**PROMPT:**
An exact retyping of all lines below is the answer; pictures do not belong in it.

**RAW DATA:**

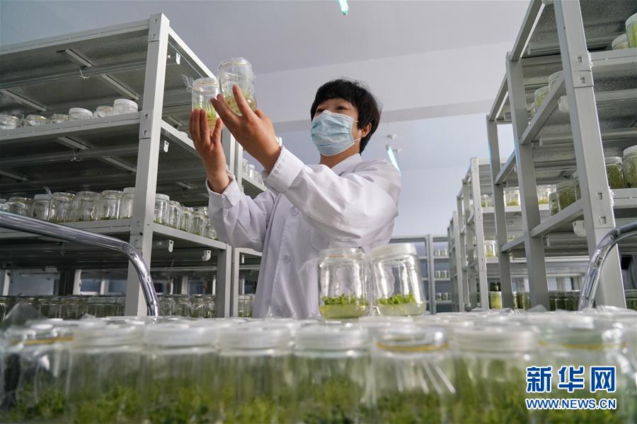 技術人員在張北縣德勝村無菌育種室內察看馬鈴薯瓶苗長勢。攝于2020年5月。新華社記者 牟宇 攝
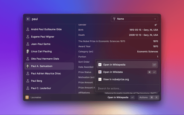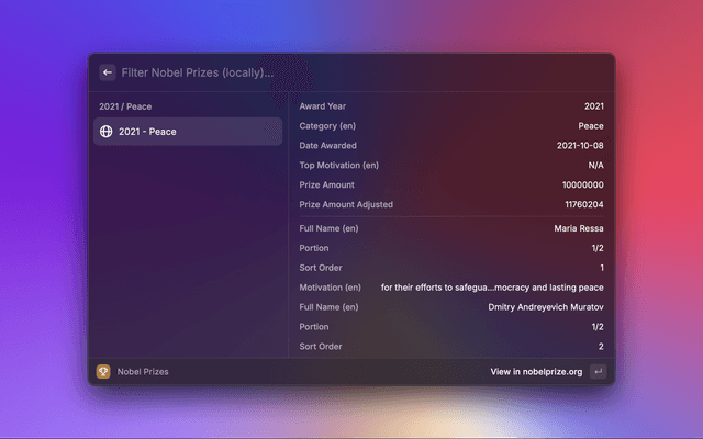Laureates - this allows to fetch Laureates and search based on Motivation and Name.Nobel Prize - this allows you to fetch Prizes with the option to specify year and/or category.
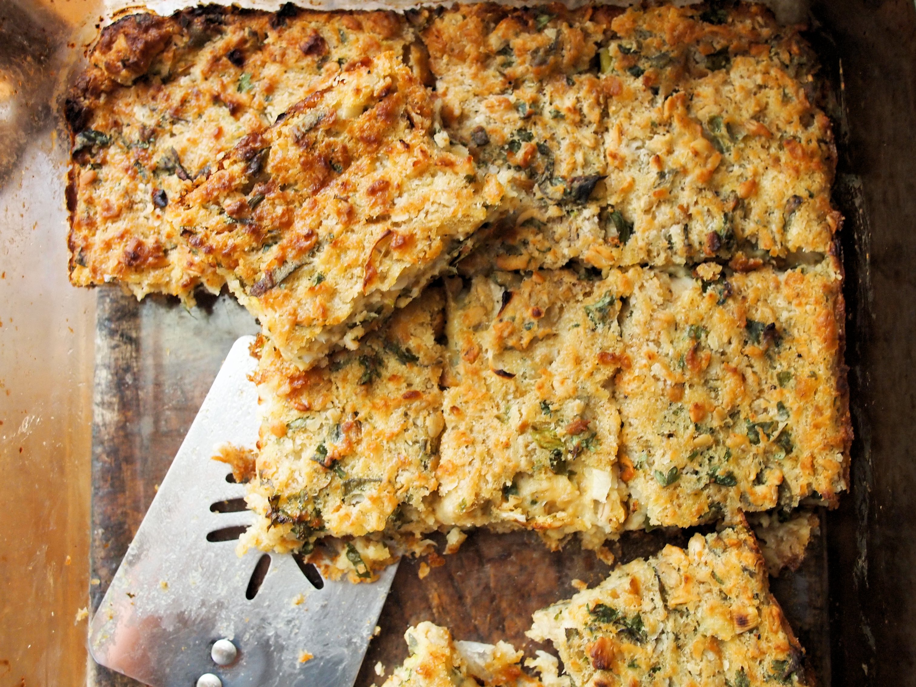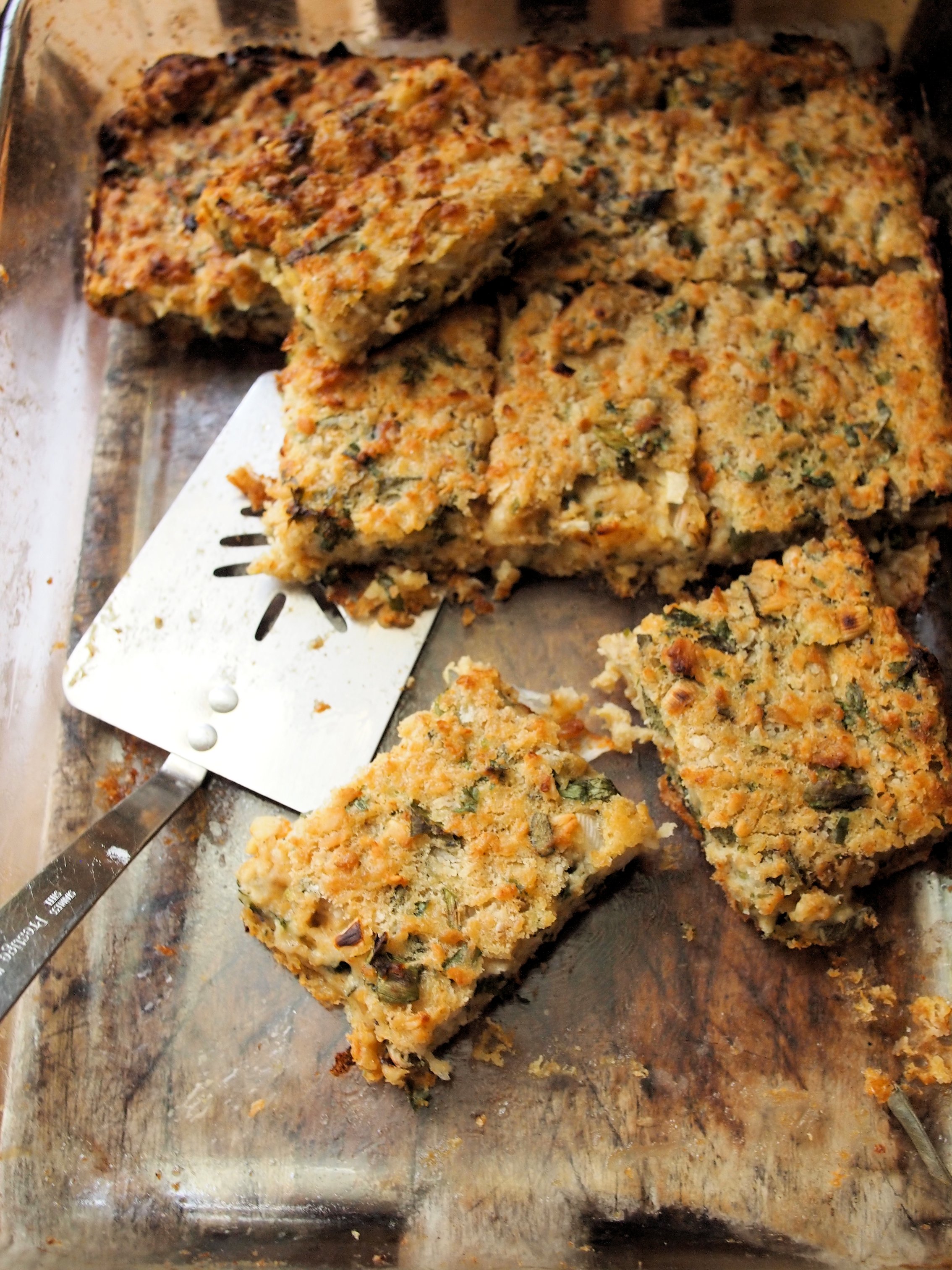 Step 4 | Spoon into a baking dish or roasting tray - metal is better than glass and smooth out to a thickness of about 1" (3cms) and bake for 35 to 45 minutes, or until the season pudding is golden brown and has a nice crust. |

**RESPONSE:**
 技術人員在張北縣德勝村無菌育種室內察看馬鈴薯瓶苗長勢。攝于2020年5月。新華社記者 牟宇 攝
Laureates - this allows to fetch Laureates and search based on Motivation and Name.Nobel Prize - this allows you to fetch Prizes with the option to specify year and/or category.
 Step 4 | Spoon into a baking dish or roasting tray - metal is better than glass and smooth out to a thickness of about 1" (3cms) and bake for 35 to 45 minutes, or until the season pudding is golden brown and has a nice crust. |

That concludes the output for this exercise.